SHARE:

コンクリート柄のリメイクシートで無機質に見せる貼り方と選び方

コンクリート柄のリメイクシートは、インダストリアル系の部屋づくりでよく使われる柄です。

ただ、同じ「コンクリート柄」でも、印刷だけのものと表面に凹凸があるもので見え方がまったく変わります。

柄の大きさも製品ごとに違い、狭い面に貼ると模様が途中で切れて不自然になることがある。

柄が合わないまま貼ると、壁一面が「印刷された紙」に見えてしまいます。

剥がすときに下地を傷めれば、賃貸なら補修費の話にもなる。

コンクリート柄を選ぶ軸、質感による違い、場所ごとの優先順位の3点を中心にまとめます。

壁デコ.com編集部

「壁デコ.com」は、賃貸でも楽しめるウォールステッカー・壁装飾のアイデアを発信するメディアです。子供部屋や身長計、おしゃれな北欧デザインから、きれいな貼り方・剥がし方、原状回復のコツまで、部屋別・用途別の最適解を編集部が検証してお伝えします。

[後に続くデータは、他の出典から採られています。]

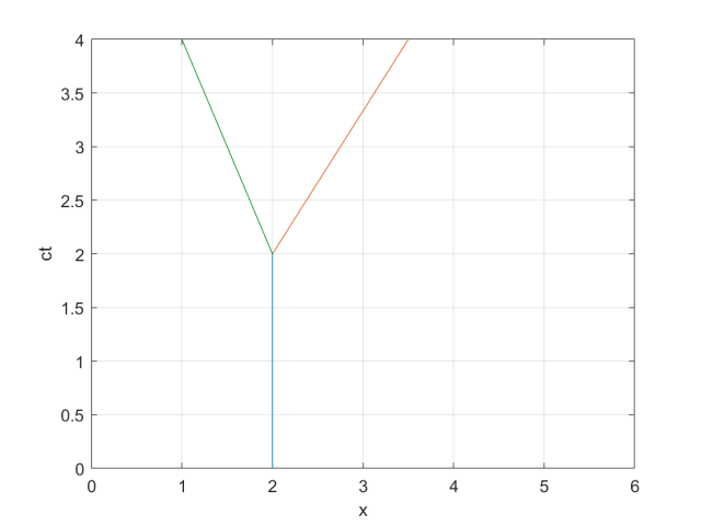 W początkowym stadium (niebieski wykres) przemieszczenie nie zmienia się w czasie. W momencie odrzutu pocisk i działo poruszają się w przeciwnych kierunkach, ruchem jednostajnym z różną prędkością. Oba obiekty poruszają się z prędkością mniejszą niż prędkość światła, więc kąt nachylenia wykresów do poziomu musi być większy niż 45°.

※本記事はAIの補助を得て作成し編集部が校正しています。

選ぶ前に押さえたいリメイクシートの軸

コンクリート柄で効いてくる軸は、大きく3つに絞られます。

柄のスケール、表面の質感、そして貼る面の下地。

この順で見ていくと迷いにくくなります。

柄のスケール(模様の大きさ)

コンクリート柄は、シミやムラ、打ち継ぎの線といった不規則な模様で構成されています。

この模様の周期が製品ごとに違う。

周期が長い柄を幅45cmほどの小さな面に貼ると、模様の一部だけが切り取られ、単なる灰色のグラデーションに見えてしまいます。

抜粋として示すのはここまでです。